In the above table there are some interesting observations. First, for every year in the sample, the bid-ask spread increases with maturity category. This reflects not only the greater impact of unanticipated interest rate changes on price but also the relative liquidity of the bonds and bills. Prior to 1995, bid-ask spreads for 30-year bonds were less than spreads for 10-year bonds. Second, 1998 is anomalous with a one time only large increase in bid-ask spread for all maturity classes. During most of this year there was unusual economic activity—the Asian currency crisis, the Russian debt default crisis and the Long Term Capital Management (LTCM) crisis.[3] Apart from this anomalous year, it appeared that over the 10-year period, bid-ask spreads increased for the 3 -month bill categories, decreased for 1, 2, and 5-year categories and increased for the 10 and 30-year categories.

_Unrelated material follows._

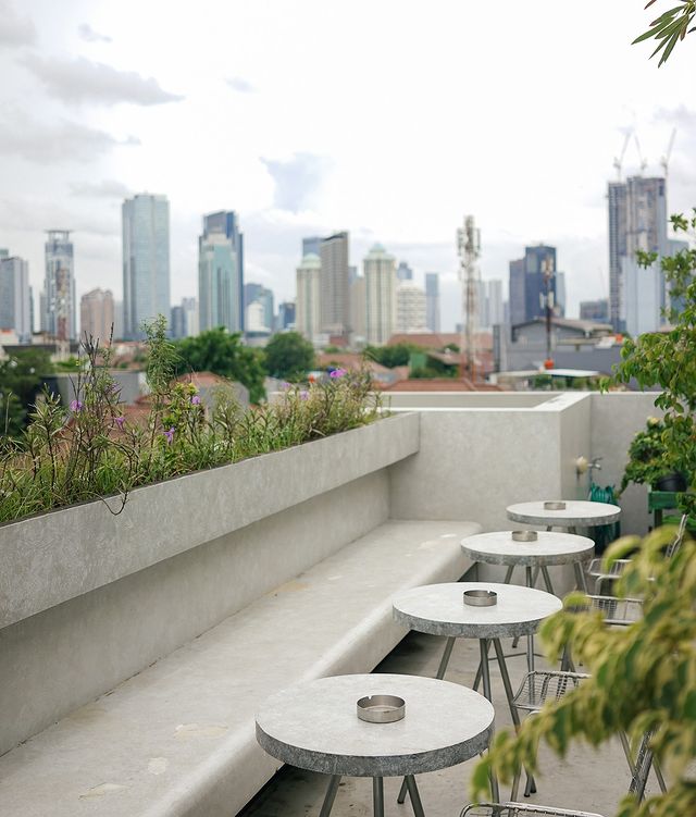 Atap rumah cafe ini cocok banget loh buat Anda yang ingin bersantai-santai bareng sambil menikmati pemandangan Kota Jakarta. Selain menawarkan pemandangan yang indah kafe ini juga memiliki desain yang kekinian banget! Dengan menggunakan sentuhan beton, kafe ini membawa suasana alami ditambah dengan banyaknya tumbuhan. Cocok banget kan jadi spot foto untuk memenuhi feeds instagram Kalian.

With the departure of the foreign dealers in the first half of 2001, the bid-ask spreads increased compared to 2000 for all maturity categories with the 10 and 30 year bonds showing a very large increase. However, we cannot discern from this analysis if the increases were statistically significant. We investigate the impact of the departure of foreign dealers in more depth in a subsequent section and determine if other influence over the same period are responsible for the increase in bid-ask spreads on the longer bond maturity categories.

We consider next the secular impact of liquidity observed in Table 1. This evaluation was based on fitting the following regression over the period January 2, 1991 to November 30, 2001 to daily bid-ask prices:

bt = a0 + a1t + εt

where bt is the average daily bid-ask spread for week t expressed in basis points and t is the time trend. This regression provides an estimate of the trend in the bid-ask spread over the period through the estimate of the regression coefficient, a1. If a1 is greater than zero, the bid-ask spread has increased and hence there is a reduction in liquidity in the market, holding competition constant. The results of the regression analysis are presented in Table 2 below.

The interpretation of a value such as 0.000112 for a1 (for the 3-month maturity) is that, on average, the bid-ask spread for 3-month treasury bills increased at the rate of 0.000112 basis points per week during the 1991-2001 period. The interpretation of the value a0 is the value of the bid-ask spread, in basis points, at the beginning of the period, as given by the trend line. The negative values for the 3-month and 30-year maturities suggest that the assumption that the bid-ask spread changes uniformly over time is unrealistic.[4] The impact of other events on the bid-ask spread is explored in section 4.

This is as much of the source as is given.